If you have really many elements to remove (and a long list), it may be faster to iterate over the list and add all elements who are not to be removed to a new list, since each remove()-step in a array-list copies all elements after the removed one by one. In this case, if you index list is not already sorted (and you can iterate over it parallel to the main list), you may want to use a HashSet or BitSet or some similar O(1)-access-structure for the contains() check:
/**
* creates a new List containing all elements of {@code original},
* apart from those with an index in {@code indices}.
* Neither the original list nor the indices collection is changed.

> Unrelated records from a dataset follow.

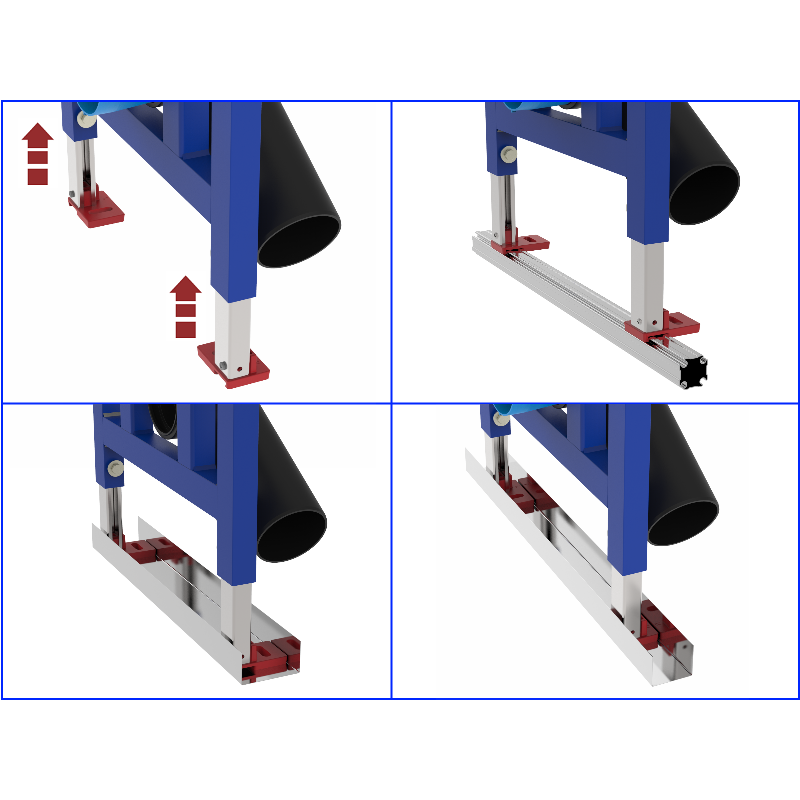 • samo svorné nožičky s otočnými základovými doskami vhodné pre sadrokartónové profily UW 50 a UW 75 a Sanit Systém 996, rozsah nastavenia nožičiek: 0-200 mm,
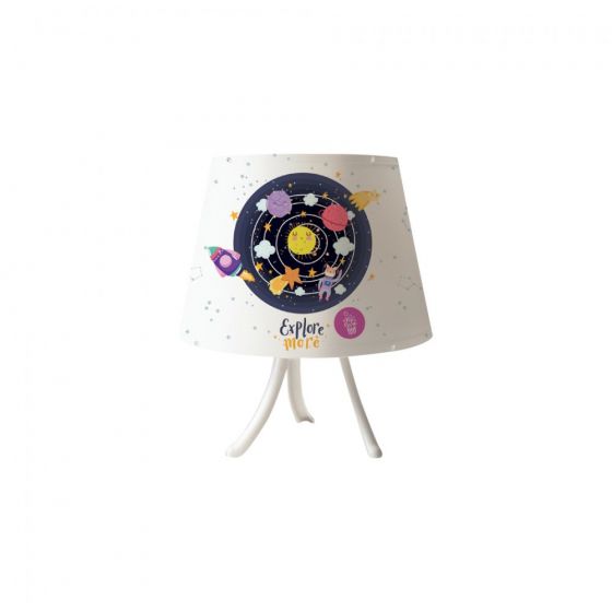 Το προϊόν αποστέλλεται 2-3 ημέρες μετά την παραγγελία ή μπορεί να παραληφθεί από το κατάστημα σε 2-3 ημέρες.Παιδικό επιτραπέζιο φωτιστικό με πλαστική βάση λευκού χρώματος και υφασμάτινο καπέλο με θέμα το διάστημα.
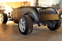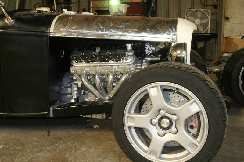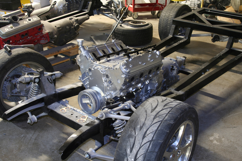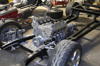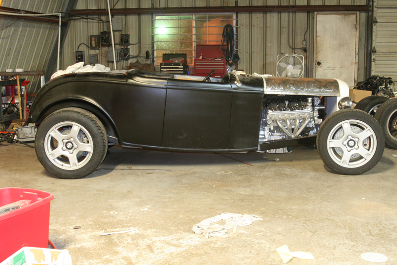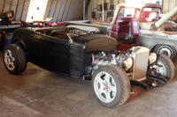 Larry’s roadster is finally running. With every delay imaginable, dead fuel pumps, bad relays and a fight with the alternator the little LS powered roadster is out and about. In the next week we’ll be getting the suspension aligned and start some tuning on the motor to make sure the transmission shift points will work properly on this light car. As she sits the little roadster weighs in at 1934lbs with no driver and a full tank of gas. We’re waiting on a few executive decisions from the owner on gauges and rear tail lights. Check back soon
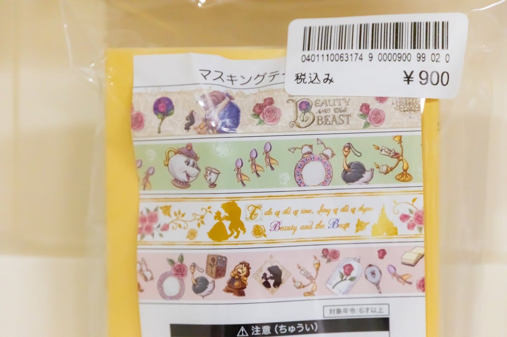 まずはマスキングテープ。マスキングテープってその響きだけでもちょっとときめきますよね。それが美女と野獣柄!しかも公式様、さすがのクオリティ。かわいすぎてとろけそうです。
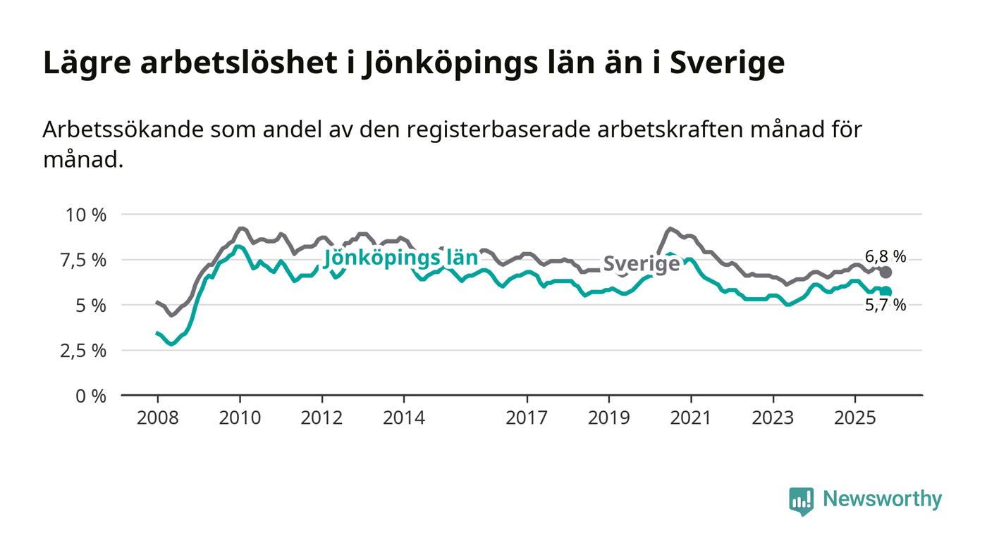 Jönköpings län hade redan tidigare lägre arbetslöshet än snittet i hela Sverige och nu växer klyftan (5,7 procent i länet, jämfört med 6,8 procent i hela riket). Norrbotten har den lägsta arbetslösheten i riket (3,9 procent), medan Skåne har den högsta (8,8 procent). För att Jönköpings län skulle komma ner i samma arbetslöshetsnivå som Norrbotten skulle 3 318 personer behöva sysselsättas.
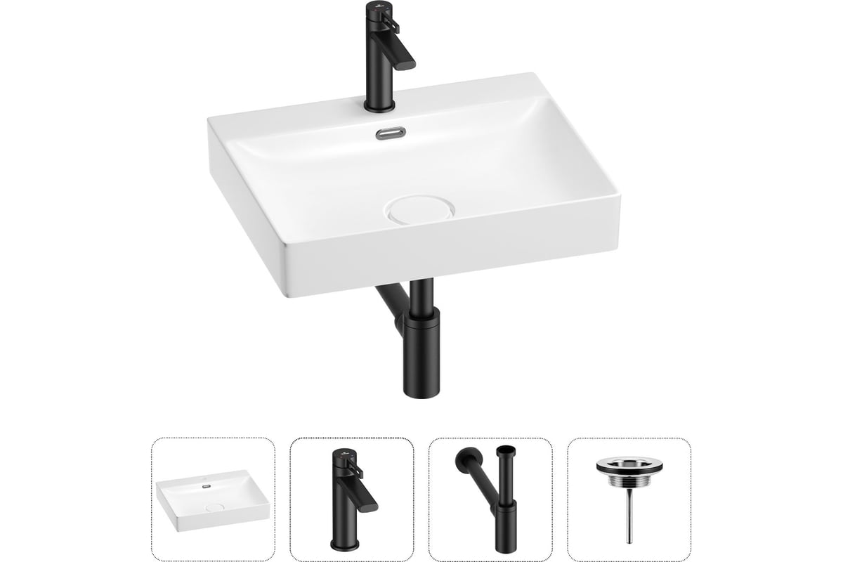 - 1 керамическая раковина с клапаном на отверстие слива, арт. 151501000 (размер 55х45 см, цвет глянцевый белый)
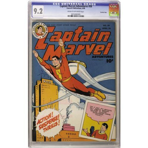 <B>Captain Marvel Adventures #59 Crowley Copy pedigree (Fawcett, 1946) CGC NM- 9.2 Cream to off-white pages.</B></I> C. C. Beck cover. Pete Costanza art. Overstreet 2006 NM- 9.2 value = $375. CGC census 11/06: 2 in 9.2, none higher.<BR><BR><b>Shipping:</b> Slabbed Comic (<a target="_blank" href="http://www.heritageauctions.com/common/shipping.php">view shipping information</a>)
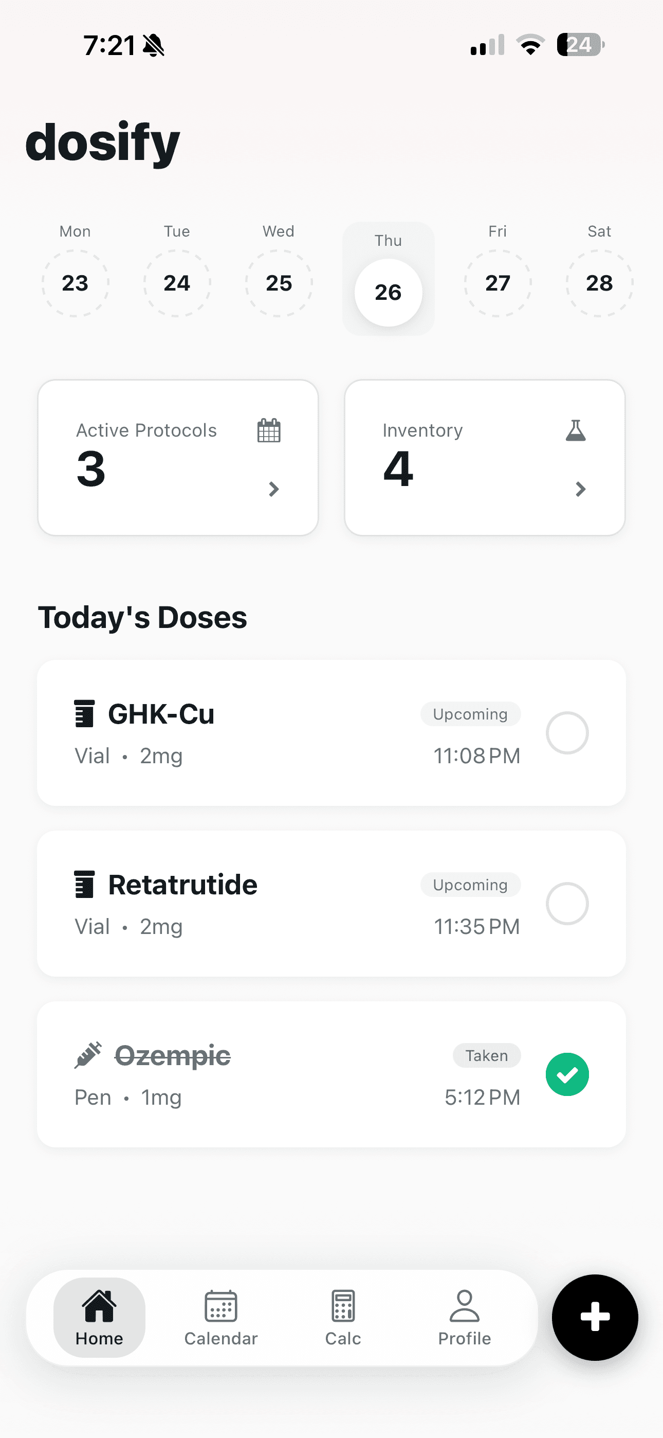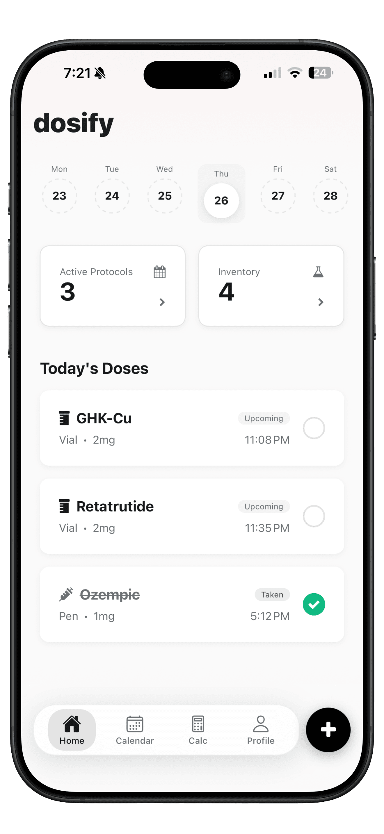Track vials, pens, and units so you never run out mid-protocol and lose momentum.
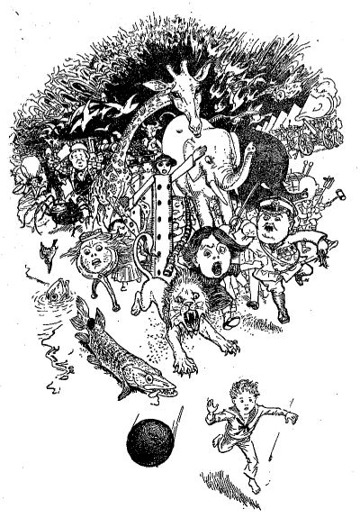 Behind him he heard a noise growing louder every minute: there were lions roaring and elephants trumpeting, and marbles rolling, and sounds of gimlets and hammers that showed the happy families were on his track, and whistles from engines, and bells ringing as if the whole village had caught fire, or was just going to have dinner; and when he came to the bridge, he heard bugles and drums in the camp, and the fat voice of the Brigadier-General giving orders. The stupid trout had put its head through the ice, and was shouting, ‘Here he comes,’ and a machine-gun began peppering away, and a huge cannon-ball flew by him. Mixed up in this he heard the canter of the spider, and the parrot sneezing, and the hoarse voice of Miss Bones shrieking ‘My papa will make cutlets of him, and I’ll eat him.’
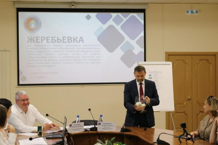 Жеребьевка прошла с участием представителей 6-ти избирательных объединений. По итогам жеребьевки политические партии в избирательном бюллетене по единому избирательному округу на выборах депутатов Тамбовской городской Думы будут расположены в следующей очередности:
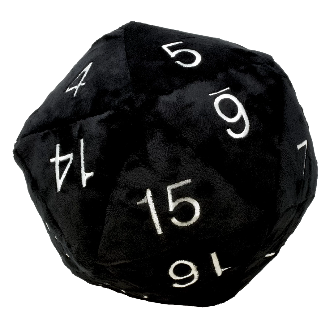 Roll big or go home! With Ultra PRO’s soft jumbo black 20-sided dice plush. Made with an ultra-soft, fuzzy fabric with stitched silver numbers, this D20 is the perfect addition to casual gaming sessions or your next geek gathering. Measuring approximately 10” in diameter, with reinforced felt backing to help the dice retain its shape this stuffed toy is also great for kids and adults.
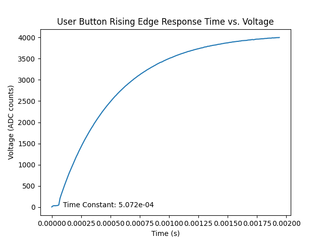 In this lab we characterize the rising edge response of the user button on the Nucleo. The user interfaces with the Nucleo from a frontend terminal which prompts the user to press 'G' to start data collection. The user must then press and release the button and the analog response is recorded and sent back to the frontend. Note that a jumper must be placed between pin C13 and A0 as pin C13 does not have an Analog-to-Digital converter. The response is then analyzed and plotted by the frontend, the time constant reported, and data stored in a .CSV file.

* @return a new list containing only the remaining elements.
*/
public <X> List<X> removeElements(List<X> original, Collection<Integer> indices) {
// wrap for faster access.
indices = new HashSet<Integer>(indices);
List<X> output = new ArrayList<X>();
int len = original.size();
for(int i = 0; i < len; i++) {
if(!indices.contains(i)) {
output.add(original.get(i));
}
}
return output;
}
Comments
order your list of indexes, like this
if 2,12,9,7,3 order desc to 12,9,7,3,2
and then do this
for(var i = 0; i < indexes.length; i++)
{
source_array.remove(indexes[0]);
}
this should resolve your problem.
Comments
If the elements you wish to remove are all grouped together, you can do a subList(start, end).clear() operation.
If the elements you wish to remove are scattered, it may be better to create a new ArrayList, add only the elements you wish to include, and then copy back into the original list.
Edit: I realize now this was not a question of performance but of logic.
If you want to remove positions X to the Size
//a is the ArrayList
a=(ArrayList)a.sublist(0,X-1);
Comments
Assuming your indexes array is sorted (eg: 1, 3, 19, 29), you can do this:
for (int i = 0; i < indexes.size(); i++){
originalArray.remove(indexes.get(i) - i);
}
Comments
A more efficient method that I guess I have not seen above is creating a new Arraylist and selecting which indices survive by copying them to the new array. And finally reassign the reference.
Comments
I ended up here for a similar query and @aioobe's answer helped me figure out the solution. However, if you are populating the list of indices to delete yourself, might want to consider using this:
indices.add(0, i);
This will eliminate the need for (the costly) reverse-sorting of the list before iterating over it, while removing elements from the main ArrayList.